Summary:
Driftwoodwolf sur DA
Des magazines et des romans d'horreur sont étalés sur le sol.
Il y a un fantôme dans la salle de bain de l'école.
Des pastels gras se font la malle sous le lit.
La chaleur de l'été remplit l'atmosphère.
Soudain, nous sommes en hiver la rencontre entre Horace Vogel et Charlie Nelson remonte à plus de dix ans.
Est-ce trop tard pour une folle aventure de peinture volée et de revanche sur le temps ? A nos fureurs, et à nos souvenirs aussi.
Categories: Amitié/Famille,
Tragique, drame Characters: Aucun
Avertissement: Contrainte (chantage, viol...), Discrimination (racisme, sexisme, homophobie, xénophobie), Harcèlement, Violence physique, Violence psychologique
Langue: Français
Genre Narratif: Roman
Challenges: Series: Aucun
Chapters: 1
Completed: Non
Word count: 544
Read: 818
Published: 20/05/2023
Updated: 24/05/2023
Tu es arrivé à la fin de l'automne. Les feuilles gondolaient déjà dans les caniveaux, gorgées de pluie et de boue brune qui s'écoulait lentement le long des trottoirs du village. Il faisait froid, un froid humide qui perce l'épaisseur des pulls en laine et vous glace jusqu'aux os. Je me souviens encore du bruit qu'a fait la camionnette lorsqu'elle a gravi la pente qui menait à ta future maison, et des éclaboussures que les pneus projetèrent sur mon jean déchiré au niveau des genoux pour me donner un genre. Tu as passé la tête par la fenêtre lorsque la camionnette est arrivée à mon niveau. Tes yeux ont trouvé les miens dans la grisaille, sévères, presque accusateurs, et j'ai ressenti un pincement dans la poitrine. C'est alors que mon vélo a déraillé, et tu as disparu au loin, emporté par la camionnette, un fantôme qui ne s'attarde pas.
C'est ainsi que je me représentais ton existence jusqu'à notre prochaine rencontre. Un spectre de cheveux roux, le menton en avant et les lèvres pincées, le regard dur qui contrastait avec la jeunesse de ton visage. Tu ressemblais pour moi à l'un de ces personnages surnaturels que mon père faisait surgir des méandres de son imagination sur sa machine à écrire, à ces fantasmes de vie que l'on surprenait entre les pages d'un livre lorsque la nuit tombait et que le murmure de la pluie se faisait plus pressant contre l'obscurité. Des années plus tard, c'est encore cette image flottante de toi qui surgit dans ma tête lorsque je t'invoque dans le bureau du Docteur Ainsworth.
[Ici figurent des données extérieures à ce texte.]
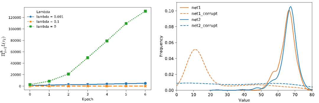 在训练中我们提出一种新的结合了Lipschitz正则化的策略估计方法,通过直接控制Lipschitz常量来学习得到一个更光滑的价值函数。价值函数光滑程度的重要性主要体现在增强状态输入之间关联性以及提高非线性价值迭代的收敛性两方面。如下图所示,黄色跟蓝色分别代表使用了和没有使用Lipschitz正则化的神经网络。一开始两个网络的输入分布几乎重合,在对网络参数加入了相等大小的噪声后,蓝色分布发生了剧烈变化,而黄色分布则体现了对噪声的鲁棒性。

De la soirée qui suivit ne subsistent que quelques bribes. Le retour en vélo sous l'averse, et l'odeur de chien mouillé qui encensait le vestibule, les aboiements ravis de Percival, et les cris de Reesa, Henry et Cathy à l'étage, le froufrou de la jupe de Maman qui s'activait dans la cuisine tout en répondant au téléphone, et le cliquetis des clefs que l'on insère dans une serrure rouillée. Je me souviens encore m'être affalé dans le canapé, couvert de terre séchée des pieds à la tête, et de la pile de magazines Fangoria pour lesquels mon père rédigeait un ou deux articles - entre deux tentatives de publication de son dernier roman - qui menaçait de s'effondrer sur le parquet du salon. On devinait la lumière derrière la porte close de son bureau et même, si l'on se concentrait et que l'on fermait les yeux, le bruit des touches que l'on martèle avec un enthousiasme effréné, et le surgissement d'un personnage glaçant qui se penchait sur ses épaules pour mieux observer sa création.
Tu resterais pour moi l'incident majeur de la journée, que j'avais hâte de relater aux autres à l'école le lendemain. Une nouvelle tête à Cliffwick était toujours un évènement, et l'achat de la Maison Jaune qui dominait le village ferait parler longtemps de lui. Car en vingt-ans, personne n'avait jamais remis les pieds là-bas suite au décès du fils du propriétaire, un jeune garçon nommé Abel et dont il ne restait qu'une plaque vissée sur une stèle dans le cimetière de Cliffwick, et la légende selon laquelle il se serait pendu dans une salle de classe de l'école - tout le monde ignorait laquelle.